Psychiatrisierung der Hochbegabung (?)
Nachdenkenswertes auf der Seite newsclick.de: In dem Artikel mit dem Titel "Wir sind also tatsächlich so weit, dass Hochbegabung psychiatrisiert wird", in dem es um die Psychiatrieversorgung für Kinder und Jugendliche im Raum Peine geht, wird die Frage aufgeworfen, welche Arten von Krankheiten denn überhaupt psychiatrisch behandelt werden (müssen):
“’Die typischen psychiatrischen Krankheiten, mit denen Menschen früher in den Landeskrankenhäusern behandelt wurden, waren Schizophrenie, Depression und Suchterkrankungen. Was heute dagegen zunimmt und auch als psychische Erkrankung behandelt wird, sind Stress-Reaktionen, insbesondere sensibler Menschen, auf gesellschaftliche Veränderungen.’
Nachdenklich stimmt Piel auch der dramatische Zuwachs von Psychopharmaka-Verschreibungen an Kinder und Jugendliche, ohne dass die Langzeitfolgen bisher genau geklärt sind. Einige Jahre lang war die führende Diagnose das ADHS-Syndrom – das Aufmerksamkeitsdefizite und Hyperaktivität erfasst –, in jüngerer Zeit kursiert immer öfter der Begriff Asperger Syndrom – eine leichte Form des Autismus. Aber ein weiterer Begriff tauchte als Diagnose auf, der Piel noch nachdenklicher stimmte: Hochbegabung. ‘Wir sind also tatsächlich so weit, dass sogar Hochbegabung als Verhaltensauffälligkeit beschrieben und als solche psychiatrisiert wird.’
Piel stellt daher kritisch zur Diskussion: ‘Besteht wirklich immer Behandlungsbedarf beim einzelnen Menschen – oder eher Handlungsbedarf in unserer Leistungsgesellschaft?’ Und: ‘Helfen nicht manchmal Sinn und Perspektive im Leben weit mehr als eine Therapie?’
Sogar im Psychiatrieplan des Landkreises Peine ist dieses Grundproblem bereits formuliert. Dort steht: ‘Die Erwartungen an den Erfolg psychiatrischer Therapiekonzepte müssen enttäuscht werden, wenn gesellschaftliche Probleme dauerhaft in den Bereich der Medizin ausgelagert werden. Selbst die beste Therapie werde mangelnde Solidarität und Verbundenheit als unersetzliche Bindeglieder zwischen den ,Erkrankten‘ und den ,Gesunden‘ nicht ersetzen können.’" –
Vor etlichen Jahren ist mein Sohn, damals kurz vor dem Abitur, einmal eingeladen worden, auf einem Ärztekongress einen Vortrag zu halten und das “Phänomen” Hochbegabung aus seiner Erfahrungswelt heraus zu schildern. Der Ärztekongress stand unter dem Thema “Autismus, Asperger Syndrom und Hochbegabung”. Ich habe meinen Sohn damals – und tue es heute immer noch – für seine Souveränität bewundert, die er mit seinen 17 Jahren hatte: Er stellte sich auf das Podium vor das Mikrofon und sagte in den Raum voller “Kapazitäten” hinein, dass er sich wundern würde, Hochbegabung hier im Zusammenhang mit zwei Störungen, die der Therapie bedürften, diskutiert zu sehen. Er würde nun gerne wissen, welches Ziel denn eine Therapie bei ihm als Hochbegabtem bzw. bei Hochbegabung allgemein haben könnte.

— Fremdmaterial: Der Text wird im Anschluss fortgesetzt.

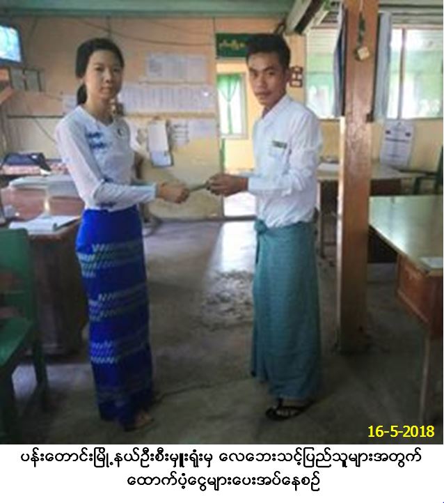 ဘေးအန္တရာယ်ဆိုင်ရာစီမံခန့်ခွဲမှုဦးစီးဌာန၊ ပြည်ခရိုင်၊ ပန်းတောင်းမြို့နယ်ဦးစီးမှူးရုံးမှ တာဝန်ရှိသူများသည် (၁၁.၅.၂၀၁၈)ရက်နေ့ လေးပြင်း တိုက်ခတ်မှုကြောင့် ပန်းတောင်းမြို့နယ်၊ ကျောင်းဦးအုပ်စုမြို့ကြီးကျေးရွာ ပြိုလဲနေအိမ် (၁)လုံး၊ အမိုးလန်နေအိမ် (၃)လုံးအတွက် အိမ်ဆောက် ပစ္စည်းဖိုးထောက်ပံ့ငွေ (၃၁၇၁၅၀ိ/-)ကျပ် ဆန်ရိက္ခာဖိုးထောက်ပံ့ငွေ (၁၂၆၀၀ိ/-)စုစုပေါင်းထောက်ပံ့ငွေ (၃၂၉၇၅၀ိ/-)နှင့် ကယ်ဆယ်ပစ္စည်း (၉)မျိုးတစ်အိမ်ထောင်စာအား ပန်းတောင်းမြို့နယ်အထွေထွေအုပ်ချုပ်ရေးဦးစီးဌာနရုံး၌ ကျေးရွာအုပ်ချုပ်ရေးမှူးများနှင့်အတူ (၁၆.၅.၂၀၁၈) ရက်နေ့ (၀၉း၀၀)နာရီအချိန်တွင် လေဘေးသင့်ပြည်သူများထံသို့ ထောက်ပံ့ပေးအပ်ခဲ့ကြောင်း သတင်းရရှိပါသည်။

Eine Heranführung an “Normalität”?
Eine Angleichung an Normalität”?
Eine Reduzierung auf “Normalität”?
“Normalität?”
Welche?
Die Normalität der Kindergärtnerin, die zu dem hochbegabten Fünfjährigen sagt: “Jetzt vergiss mal wieder alles, versuche, wieder Kind zu sein, geh mit den anderen spielen und überlasse das Denken den Erwachsenen?”
Diskussionen erwünscht.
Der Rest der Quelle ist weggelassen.